I was thinking about how I'd be stunned if this season became the same sad story for the Cavaliers, as it has been for the other two local franchises.

I was thinking that as long as LeBron James is healthy and in uniform and as long as Gilbert is paying the bills, these guys should give fans reason to dream that a championship is possible.


"As long as James is healthy and in uniform and as lon as Gilbert is paying the bills." Gilbert is, far and away, the best owener in Cleveland sports. He's always been willing to pay top dollar for everything (the practice facility, the fire spewing scoreboard and, of course, the Cavs have the second highest payroll in the NBA).

Plus, he says shit like this:

Gilbert said all the talk of James opting out of his contract in the summer of 2010 was generated by bored reporters.

"I'm not aware from his or his camp the feelings or things that have been bandied about or thrown about or speculated. It's an insult to Cleveland, in my opinion."

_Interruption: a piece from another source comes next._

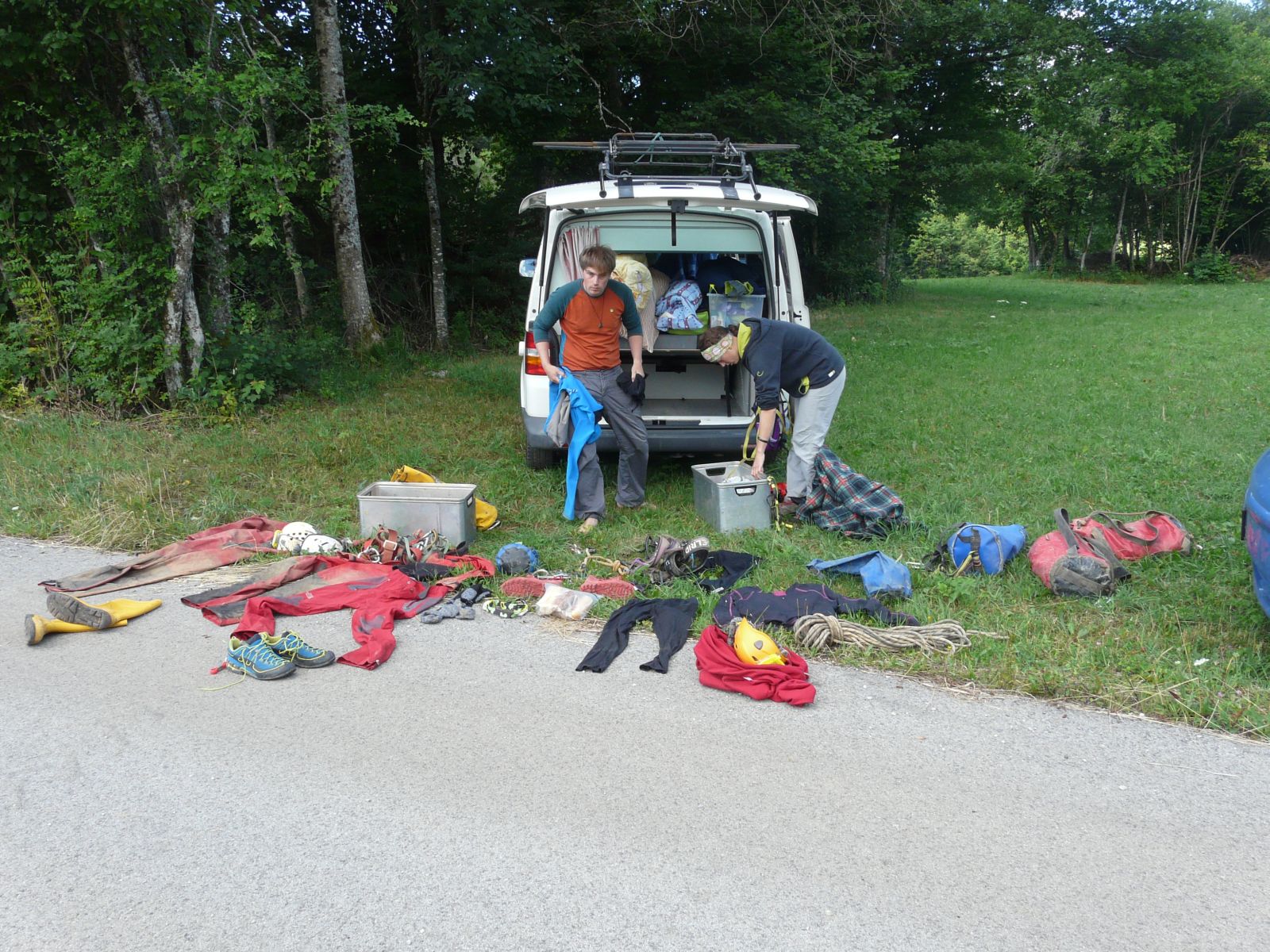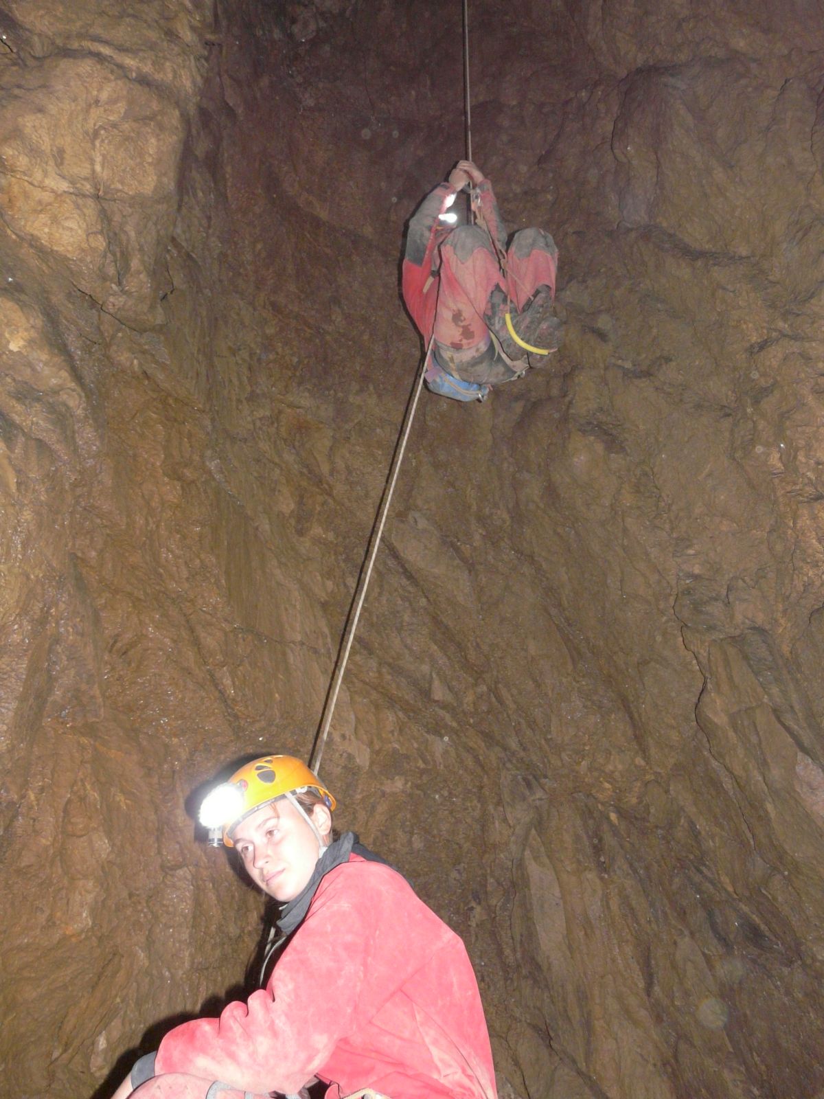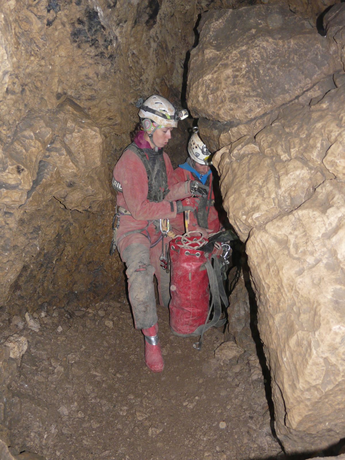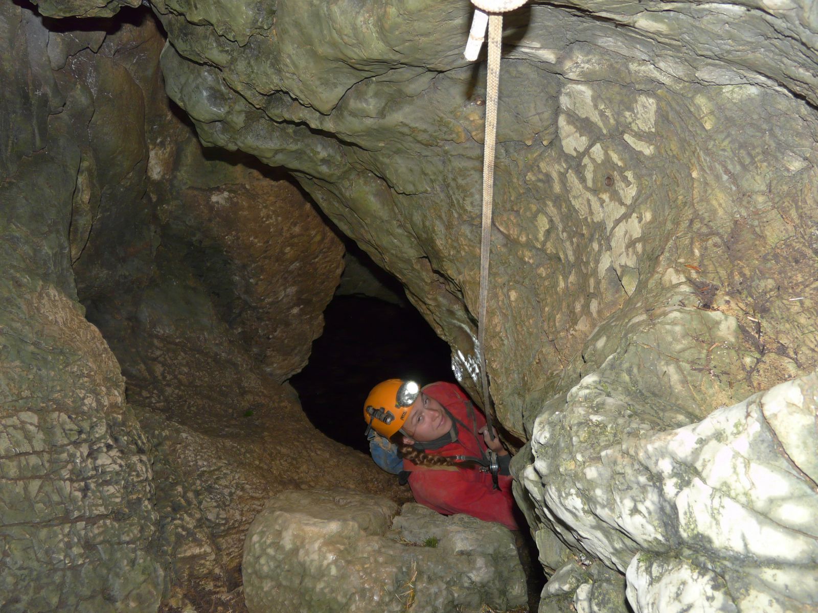Der Gouffre de la Legarde ist ein bröckelige Angelegenheit. Überall liegt loses Geröll herum. Teilweise wurden die Halden mit Drahtgittern verbaut, um den Abgang von großen Massen zu verhindern. Wir sind aus dieser Höhle schnell wieder geflohen und werden auch nicht mehr hineingehen. Die Steinschlaggefahr ist hier relativ groß und es gibt so viele, sicher zu befahrende Höhlen in der Gegend, da muss diese Schotterhalde nicht auch noch auf unserem Programm stehen.

and honestly, if the Browns lose this weekend, the race is on to see which franchise wins their first game.

1 comment:

Anonymous said...

The trouble is, the team with the second-highest payroll in the league can't finish with the 10th-best record, otherwise you've become the New York Mets. Or maybe the Yankees. This 08-09 Cavs team has to turn the corner and play to make a statement -- all year long. If they make the Finals again, they need to make sure it won't be considered a fluke.

I think it's great that Gilbert is ponying up the green to win. It's a breath of fresh after a summer of wonder what might have been had Shapiro and Dolan scrapped the max-value philosophy and gone for broke.

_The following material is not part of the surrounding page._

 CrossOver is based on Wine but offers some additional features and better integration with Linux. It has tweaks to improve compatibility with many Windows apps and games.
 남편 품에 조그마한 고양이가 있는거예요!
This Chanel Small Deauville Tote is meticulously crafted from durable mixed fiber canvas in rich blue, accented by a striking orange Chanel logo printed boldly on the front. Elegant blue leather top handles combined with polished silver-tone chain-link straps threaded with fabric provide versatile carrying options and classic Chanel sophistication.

I just wonder what will happen if a couple of years of lugging around the contracts of Wally, Ben, Z, Mo, and maybe another midseason pickup don't yield a championship. The Cavs might scrap the spending and start getting younger, kind of like what the Mavs are doing right now.

What is known is that a team can't go eight figures into the luxury tax and stay there. That's a doomed business model. The only way it's going to be worthwhile is if A) LeBron stays or B) The Cavs win an NBA title before LeBron is able to leave.